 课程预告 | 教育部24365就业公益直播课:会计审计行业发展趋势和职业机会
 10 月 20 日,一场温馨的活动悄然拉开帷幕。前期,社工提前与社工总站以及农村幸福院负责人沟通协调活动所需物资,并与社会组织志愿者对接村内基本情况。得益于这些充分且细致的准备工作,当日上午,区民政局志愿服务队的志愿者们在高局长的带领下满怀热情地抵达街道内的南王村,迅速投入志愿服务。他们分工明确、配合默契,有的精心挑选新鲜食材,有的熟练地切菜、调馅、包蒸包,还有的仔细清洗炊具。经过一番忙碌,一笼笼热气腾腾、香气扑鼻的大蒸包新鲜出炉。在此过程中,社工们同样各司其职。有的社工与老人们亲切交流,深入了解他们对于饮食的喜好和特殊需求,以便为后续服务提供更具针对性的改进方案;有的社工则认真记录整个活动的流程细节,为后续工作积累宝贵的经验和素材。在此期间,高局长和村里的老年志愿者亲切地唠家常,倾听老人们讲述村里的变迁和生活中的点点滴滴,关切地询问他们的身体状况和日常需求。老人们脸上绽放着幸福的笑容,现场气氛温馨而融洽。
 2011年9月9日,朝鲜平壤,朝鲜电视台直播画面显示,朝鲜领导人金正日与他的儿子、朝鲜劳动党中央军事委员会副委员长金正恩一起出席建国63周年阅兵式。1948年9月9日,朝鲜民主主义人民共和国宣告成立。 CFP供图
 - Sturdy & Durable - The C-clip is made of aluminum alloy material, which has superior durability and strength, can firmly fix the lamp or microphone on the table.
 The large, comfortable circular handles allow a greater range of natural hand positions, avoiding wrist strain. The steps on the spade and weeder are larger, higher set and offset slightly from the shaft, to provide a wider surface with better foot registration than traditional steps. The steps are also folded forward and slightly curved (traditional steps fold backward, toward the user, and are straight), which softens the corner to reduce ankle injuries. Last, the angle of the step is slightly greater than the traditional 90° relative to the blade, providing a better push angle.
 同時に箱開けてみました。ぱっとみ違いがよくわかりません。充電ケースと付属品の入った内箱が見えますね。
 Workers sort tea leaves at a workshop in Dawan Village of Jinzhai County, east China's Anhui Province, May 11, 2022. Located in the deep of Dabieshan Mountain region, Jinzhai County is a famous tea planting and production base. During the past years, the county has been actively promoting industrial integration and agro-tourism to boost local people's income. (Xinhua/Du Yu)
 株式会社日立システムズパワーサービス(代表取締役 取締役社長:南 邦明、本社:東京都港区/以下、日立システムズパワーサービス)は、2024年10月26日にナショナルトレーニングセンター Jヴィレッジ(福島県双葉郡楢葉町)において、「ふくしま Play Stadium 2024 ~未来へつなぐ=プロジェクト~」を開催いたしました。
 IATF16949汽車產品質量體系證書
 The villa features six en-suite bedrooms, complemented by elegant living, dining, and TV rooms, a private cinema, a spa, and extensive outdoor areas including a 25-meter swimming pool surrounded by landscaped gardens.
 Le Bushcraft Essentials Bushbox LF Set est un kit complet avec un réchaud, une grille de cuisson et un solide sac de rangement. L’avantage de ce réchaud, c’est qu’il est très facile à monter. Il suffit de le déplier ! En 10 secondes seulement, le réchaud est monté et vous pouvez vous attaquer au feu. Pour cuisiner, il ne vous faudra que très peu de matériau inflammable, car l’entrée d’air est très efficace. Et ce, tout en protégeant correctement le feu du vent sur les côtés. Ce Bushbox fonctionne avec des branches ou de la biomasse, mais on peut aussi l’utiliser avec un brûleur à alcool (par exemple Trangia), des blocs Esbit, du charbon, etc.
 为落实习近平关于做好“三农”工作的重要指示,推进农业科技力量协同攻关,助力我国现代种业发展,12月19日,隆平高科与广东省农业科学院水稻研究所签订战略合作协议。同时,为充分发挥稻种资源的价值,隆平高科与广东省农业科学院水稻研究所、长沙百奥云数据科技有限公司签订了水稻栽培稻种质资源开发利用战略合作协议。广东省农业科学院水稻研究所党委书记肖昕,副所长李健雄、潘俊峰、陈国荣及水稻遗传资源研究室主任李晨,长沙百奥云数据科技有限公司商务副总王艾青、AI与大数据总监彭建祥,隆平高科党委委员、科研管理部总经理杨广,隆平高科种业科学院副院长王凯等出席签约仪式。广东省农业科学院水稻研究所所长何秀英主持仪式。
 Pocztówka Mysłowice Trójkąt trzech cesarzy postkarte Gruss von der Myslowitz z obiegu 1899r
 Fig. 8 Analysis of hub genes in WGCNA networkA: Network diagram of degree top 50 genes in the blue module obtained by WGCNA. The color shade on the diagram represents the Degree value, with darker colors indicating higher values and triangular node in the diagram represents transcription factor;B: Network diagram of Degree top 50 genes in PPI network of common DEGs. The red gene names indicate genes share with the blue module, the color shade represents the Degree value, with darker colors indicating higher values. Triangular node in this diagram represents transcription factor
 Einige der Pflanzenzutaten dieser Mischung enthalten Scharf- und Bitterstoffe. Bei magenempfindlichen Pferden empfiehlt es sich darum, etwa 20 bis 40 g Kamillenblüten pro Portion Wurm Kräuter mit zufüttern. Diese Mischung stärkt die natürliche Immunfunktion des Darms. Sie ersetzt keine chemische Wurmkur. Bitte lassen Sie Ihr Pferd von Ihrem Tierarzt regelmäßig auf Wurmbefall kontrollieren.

|---|

**WHAT YOU ARE ASKED TO DO**
Each line of the material above needs repeating verbatim.

**YOUR SOLUTION**
 课程预告 | 教育部24365就业公益直播课:会计审计行业发展趋势和职业机会
 10 月 20 日,一场温馨的活动悄然拉开帷幕。前期,社工提前与社工总站以及农村幸福院负责人沟通协调活动所需物资,并与社会组织志愿者对接村内基本情况。得益于这些充分且细致的准备工作,当日上午,区民政局志愿服务队的志愿者们在高局长的带领下满怀热情地抵达街道内的南王村,迅速投入志愿服务。他们分工明确、配合默契,有的精心挑选新鲜食材,有的熟练地切菜、调馅、包蒸包,还有的仔细清洗炊具。经过一番忙碌,一笼笼热气腾腾、香气扑鼻的大蒸包新鲜出炉。在此过程中,社工们同样各司其职。有的社工与老人们亲切交流,深入了解他们对于饮食的喜好和特殊需求,以便为后续服务提供更具针对性的改进方案;有的社工则认真记录整个活动的流程细节,为后续工作积累宝贵的经验和素材。在此期间,高局长和村里的老年志愿者亲切地唠家常,倾听老人们讲述村里的变迁和生活中的点点滴滴,关切地询问他们的身体状况和日常需求。老人们脸上绽放着幸福的笑容,现场气氛温馨而融洽。
 2011年9月9日,朝鲜平壤,朝鲜电视台直播画面显示,朝鲜领导人金正日与他的儿子、朝鲜劳动党中央军事委员会副委员长金正恩一起出席建国63周年阅兵式。1948年9月9日,朝鲜民主主义人民共和国宣告成立。 CFP供图
 - Sturdy & Durable - The C-clip is made of aluminum alloy material, which has superior durability and strength, can firmly fix the lamp or microphone on the table.
 The large, comfortable circular handles allow a greater range of natural hand positions, avoiding wrist strain. The steps on the spade and weeder are larger, higher set and offset slightly from the shaft, to provide a wider surface with better foot registration than traditional steps. The steps are also folded forward and slightly curved (traditional steps fold backward, toward the user, and are straight), which softens the corner to reduce ankle injuries. Last, the angle of the step is slightly greater than the traditional 90° relative to the blade, providing a better push angle.
 同時に箱開けてみました。ぱっとみ違いがよくわかりません。充電ケースと付属品の入った内箱が見えますね。
 Workers sort tea leaves at a workshop in Dawan Village of Jinzhai County, east China's Anhui Province, May 11, 2022. Located in the deep of Dabieshan Mountain region, Jinzhai County is a famous tea planting and production base. During the past years, the county has been actively promoting industrial integration and agro-tourism to boost local people's income. (Xinhua/Du Yu)
 株式会社日立システムズパワーサービス(代表取締役 取締役社長:南 邦明、本社:東京都港区/以下、日立システムズパワーサービス)は、2024年10月26日にナショナルトレーニングセンター Jヴィレッジ(福島県双葉郡楢葉町)において、「ふくしま Play Stadium 2024 ~未来へつなぐ=プロジェクト~」を開催いたしました。
 IATF16949汽車產品質量體系證書
 The villa features six en-suite bedrooms, complemented by elegant living, dining, and TV rooms, a private cinema, a spa, and extensive outdoor areas including a 25-meter swimming pool surrounded by landscaped gardens.
 Le Bushcraft Essentials Bushbox LF Set est un kit complet avec un réchaud, une grille de cuisson et un solide sac de rangement. L’avantage de ce réchaud, c’est qu’il est très facile à monter. Il suffit de le déplier ! En 10 secondes seulement, le réchaud est monté et vous pouvez vous attaquer au feu. Pour cuisiner, il ne vous faudra que très peu de matériau inflammable, car l’entrée d’air est très efficace. Et ce, tout en protégeant correctement le feu du vent sur les côtés. Ce Bushbox fonctionne avec des branches ou de la biomasse, mais on peut aussi l’utiliser avec un brûleur à alcool (par exemple Trangia), des blocs Esbit, du charbon, etc.
 为落实习近平关于做好“三农”工作的重要指示,推进农业科技力量协同攻关,助力我国现代种业发展,12月19日,隆平高科与广东省农业科学院水稻研究所签订战略合作协议。同时,为充分发挥稻种资源的价值,隆平高科与广东省农业科学院水稻研究所、长沙百奥云数据科技有限公司签订了水稻栽培稻种质资源开发利用战略合作协议。广东省农业科学院水稻研究所党委书记肖昕,副所长李健雄、潘俊峰、陈国荣及水稻遗传资源研究室主任李晨,长沙百奥云数据科技有限公司商务副总王艾青、AI与大数据总监彭建祥,隆平高科党委委员、科研管理部总经理杨广,隆平高科种业科学院副院长王凯等出席签约仪式。广东省农业科学院水稻研究所所长何秀英主持仪式。
 Pocztówka Mysłowice Trójkąt trzech cesarzy postkarte Gruss von der Myslowitz z obiegu 1899r
 Fig. 8 Analysis of hub genes in WGCNA networkA: Network diagram of degree top 50 genes in the blue module obtained by WGCNA. The color shade on the diagram represents the Degree value, with darker colors indicating higher values and triangular node in the diagram represents transcription factor;B: Network diagram of Degree top 50 genes in PPI network of common DEGs. The red gene names indicate genes share with the blue module, the color shade represents the Degree value, with darker colors indicating higher values. Triangular node in this diagram represents transcription factor
 Einige der Pflanzenzutaten dieser Mischung enthalten Scharf- und Bitterstoffe. Bei magenempfindlichen Pferden empfiehlt es sich darum, etwa 20 bis 40 g Kamillenblüten pro Portion Wurm Kräuter mit zufüttern. Diese Mischung stärkt die natürliche Immunfunktion des Darms. Sie ersetzt keine chemische Wurmkur. Bitte lassen Sie Ihr Pferd von Ihrem Tierarzt regelmäßig auf Wurmbefall kontrollieren.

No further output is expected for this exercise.